What to produce
Any image in the records is to be skipped; everything else should be reproduced exactly.

The data
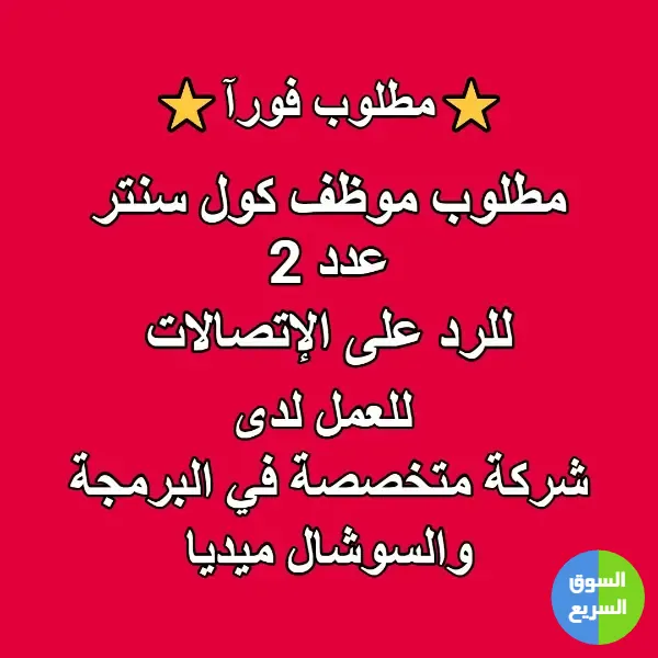 • 💼 المسمى الوظيفي: موظف كول سنتر (عدد 2).
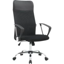 Poltrona da ufficio elegante ed ergonomica realizzata in tessuto traforato traspirante con altri dettagli in ecopelle. Questa sedia presidenziale è ideale per l’ufficio, per lo studio o per la casa. E’ dotata di un pistone a gas in acciaio cromato che permette di regolarne l’altezza tramite leva. Il tessuto perfettamente rifinito di questa sedia da ufficio nera, risulta morbida al tatto, resistente all’usura, di facile pulizia e soprattutto traspirante. Comodissima, ergonomica ed avvolgente, risulterà un vero piacere lavorare al pc, in ufficio o in casa senza accusare, a fine giornata, fastidiosi dolori alla schiena. Il supporto lombare permetterà di assumere una postare corretta durante il tempo di utilizzo della poltrona. Direzionale e girevole, dunque rotante a 360° grazie alla piedistallo cromato con 5 ruote ideali per tappeti e superfici morbide.
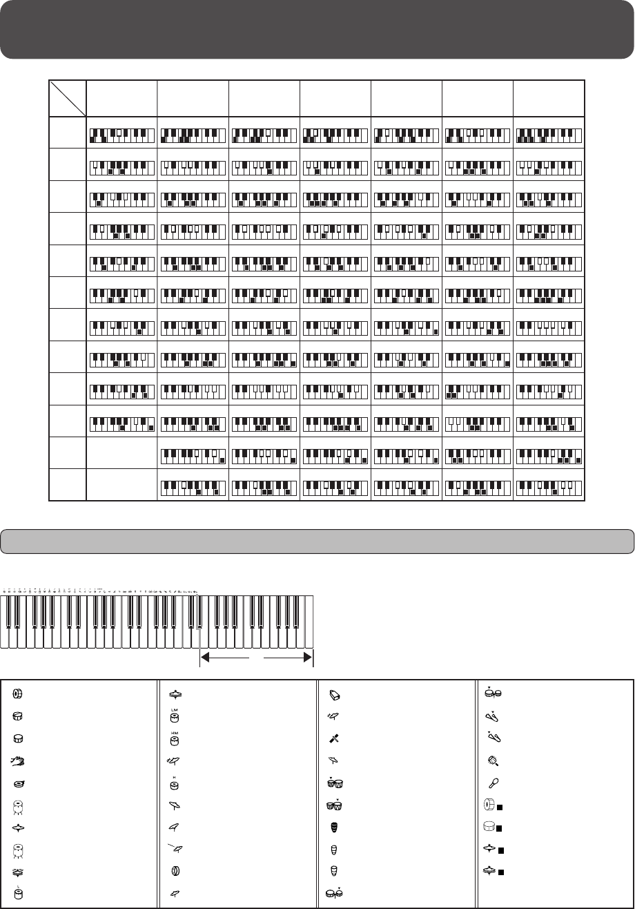 ノート・オン情報は本機の全体の音量の値が9∼2の場合はV (ベロシティ) =100
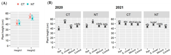 Variation in tomato plant height during the growing season in response to the interactions of tillage system and crop stage (A) and cover crop, tillage system and year (B). Points represent the emmeans, and bars represent their standard errors. Different letters indicate significant differences (p ≤ 0.05) in each interaction. S. clover: squarrose clover; CT: conventional tillage; NT: no-till; Height1: flowering stage; Height2: fruit development stage.
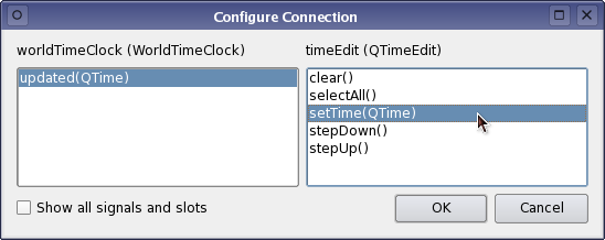 The WorldTimeClock class inherits QWidget, and is a custom clock widget with hour and minute hands that is automatically updated every few seconds. What makes this example different from the Custom Widget Plugin example, is the introduction of the signal and slot in the custom widget class:
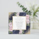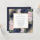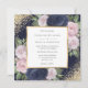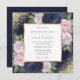 Elégante faire-part de mariage florale bleu marine et blush avec des roses bleues et roses rousses encadrant les détails mariages à l'intérieur d'un cadre doré orné de parties scintillant dorée./confetti.
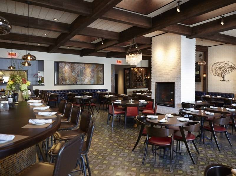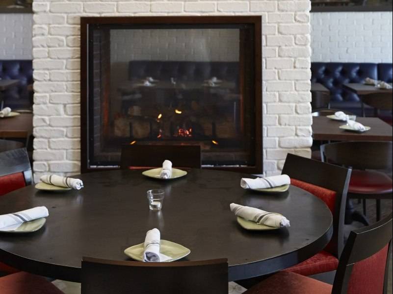 When you peak inside, you’ll find an upscale-casual eatery with standout features such as a wood-burning hearth oven, a glassed-in kitchen as well as a floor-to-ceiling dual-sided fireplace. It is modern and rustic at the same time, with inviting, midnight blue booths, brightly-tiled floors, wooden tables and a white brick ceiling.
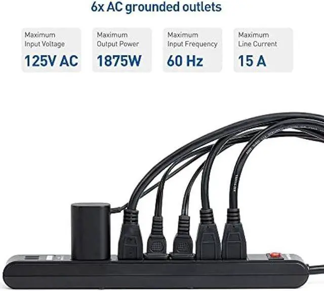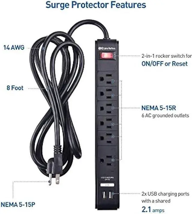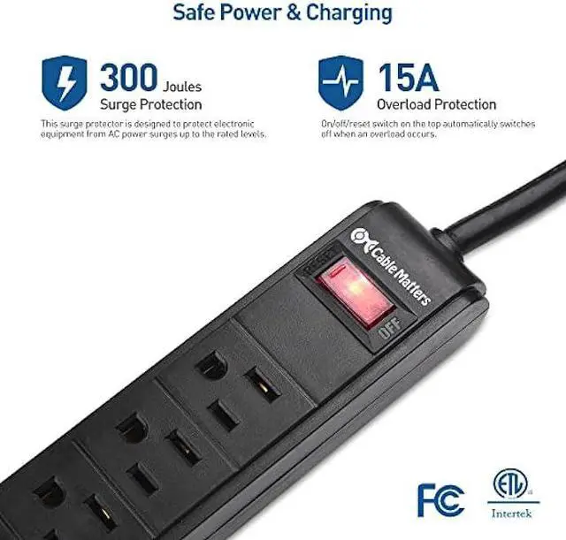 Heavy duty extension cords with 14 AWG wire and a 15 Amp / 1875 Watt power rating; Reliable surge protection of this outlet strip with USB ports provides a 300 joules suppression rating to protect up to five connected devices; Power-saving ON/OFF switch provides a quick way to turn off equipment when not in use; 15 amp braided power strip long cord with a circuit breaker that shuts off when excessive current is detected

Written answer
 • 💼 المسمى الوظيفي: موظف كول سنتر (عدد 2).
 Poltrona da ufficio elegante ed ergonomica realizzata in tessuto traforato traspirante con altri dettagli in ecopelle. Questa sedia presidenziale è ideale per l’ufficio, per lo studio o per la casa. E’ dotata di un pistone a gas in acciaio cromato che permette di regolarne l’altezza tramite leva. Il tessuto perfettamente rifinito di questa sedia da ufficio nera, risulta morbida al tatto, resistente all’usura, di facile pulizia e soprattutto traspirante. Comodissima, ergonomica ed avvolgente, risulterà un vero piacere lavorare al pc, in ufficio o in casa senza accusare, a fine giornata, fastidiosi dolori alla schiena. Il supporto lombare permetterà di assumere una postare corretta durante il tempo di utilizzo della poltrona. Direzionale e girevole, dunque rotante a 360° grazie alla piedistallo cromato con 5 ruote ideali per tappeti e superfici morbide.
 ノート・オン情報は本機の全体の音量の値が9∼2の場合はV (ベロシティ) =100
 Variation in tomato plant height during the growing season in response to the interactions of tillage system and crop stage (A) and cover crop, tillage system and year (B). Points represent the emmeans, and bars represent their standard errors. Different letters indicate significant differences (p ≤ 0.05) in each interaction. S. clover: squarrose clover; CT: conventional tillage; NT: no-till; Height1: flowering stage; Height2: fruit development stage.
 The WorldTimeClock class inherits QWidget, and is a custom clock widget with hour and minute hands that is automatically updated every few seconds. What makes this example different from the Custom Widget Plugin example, is the introduction of the signal and slot in the custom widget class:
 Elégante faire-part de mariage florale bleu marine et blush avec des roses bleues et roses rousses encadrant les détails mariages à l'intérieur d'un cadre doré orné de parties scintillant dorée./confetti.
 When you peak inside, you’ll find an upscale-casual eatery with standout features such as a wood-burning hearth oven, a glassed-in kitchen as well as a floor-to-ceiling dual-sided fireplace. It is modern and rustic at the same time, with inviting, midnight blue booths, brightly-tiled floors, wooden tables and a white brick ceiling.
 Heavy duty extension cords with 14 AWG wire and a 15 Amp / 1875 Watt power rating; Reliable surge protection of this outlet strip with USB ports provides a 300 joules suppression rating to protect up to five connected devices; Power-saving ON/OFF switch provides a quick way to turn off equipment when not in use; 15 amp braided power strip long cord with a circuit breaker that shuts off when excessive current is detected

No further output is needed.